— Не совсем так: слуги придумали, как нам с Мето обменяться информацией во время утренней пробежки.
Аменелох поворачивается ко мне:
— Теперь твоя очередь, Мето.
Я рассказываю обо всем, начиная с моей последней отсидки в холодильнике, где Ромул поведал мне о том, что нас накачивают снотворным, чтобы мы крепко спали, пока ночью происходят разные вещи.
— Так это паршивый пес Ромул ввел тебя в курс дела? — уточняет Аменелох.
— В какой-то мере. Он первый кое-что разъяснил мне.
Стоит произнести имя Ромула, сына Юпитера, как в рядах начинается оживление, на лицах появляется выражение гнева и омерзения. Некоторые звучно плюются или изображают непреодолимый приступ рвоты.
Теперь моя очередь вспомнить все эпизоды, предшествовавшие нашему побегу. Я подробно излагаю содержимое каждой полученной или посланной записки, рассказываю о подготовке к восстанию. От меня они узнают все, что хотели. Бессонными ночами я подолгу занимался тренировкой памяти и хорошо подготовился. Я пересказываю в хронологическом порядке все этапы восстания, которые мне удалось вспомнить, подробности подготовки к мятежу, с именами участников и даже отдельными их репликами. Я хочу убедить их в нашей искренности, а еще оттянуть тот момент, когда мне зададут роковой вопрос.
— Мето, как ты объяснишь тот факт, что тебе удалось во время занятий проникнуть в кабинет Цезарей и остаться там одному?
Ну вот мне и задали этот вопрос! Притворюсь невинным ягненком. Пусть Аменелох ответит сам, но я уверен, что он пришел к тому же выводу, что и я.
— Я этого не знаю, Аменелох, — смиренно говорю я.
— Не знаешь? Меня это удивляет. Если верить твоим друзьям, у тебя всегда и на все есть объяснение. Ты господин Всезнайка в вашей компании. Итак?
Я молчу.
— Тогда я изложу тебе нашу версию событий, — продолжает он, — и она не в твою пользу. Никто, кроме Юпитера, не мог столь серьезно нарушить охрану порядка в Доме. Он единственный, кто имеет на то власть. И если ты сумел проникнуть в запретное место, значит, того хотел сам Юпитер.
По залу прокатывается недовольный гул.
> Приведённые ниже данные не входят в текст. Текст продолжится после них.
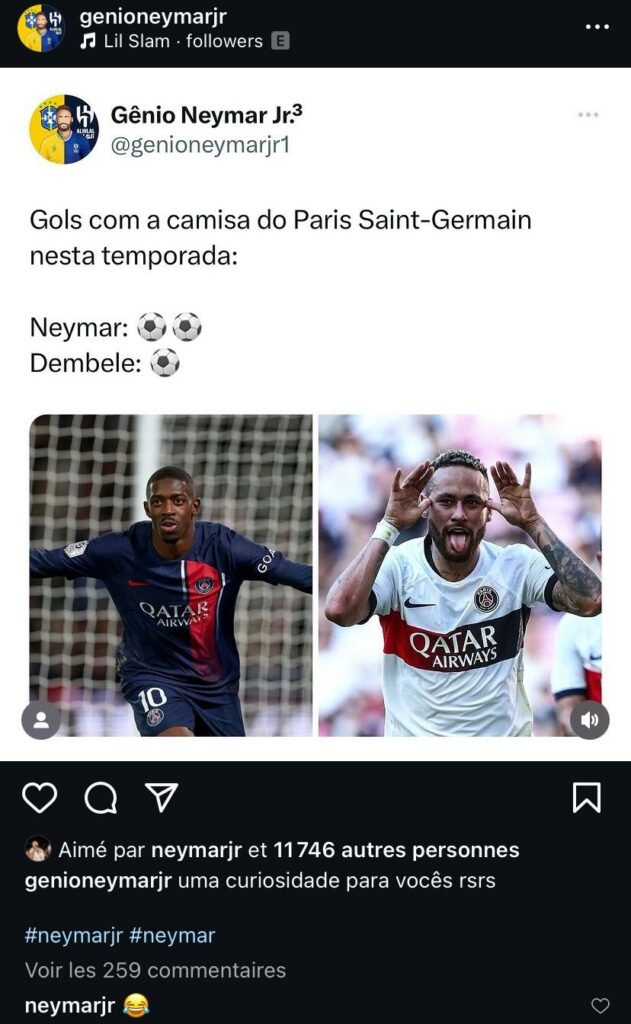 Sur Instagram, Neymar a commenté les statistiques d’Ousmane Dembélé au PSG cette saison : «Neymar, 2 buts avec le PSG cette saison. Ousmane Dembélé, 1 but», relève cette stat. Une publication commentée par des émojis rires de la part du joueur de la Seleçao. Pas cool.

Вождь поднимает руку, и все стихает.
Я согласен с его заключениями, но с одной маленькой оговоркой: думаю, что достаточно было соучастия одного из Цезарей. Но и это было бы слишком серьезным обвинением в наш адрес, поэтому я не решаюсь произнести свои мысли вслух перед собранием. Лучше всего посеять сомнение, и я бросаюсь в контратаку:
— Но как ты можешь объяснить, что Ромул снабдил нас оружием, указав тайник? Оружием, которым были убиты солдаты и которое сейчас в ваших руках.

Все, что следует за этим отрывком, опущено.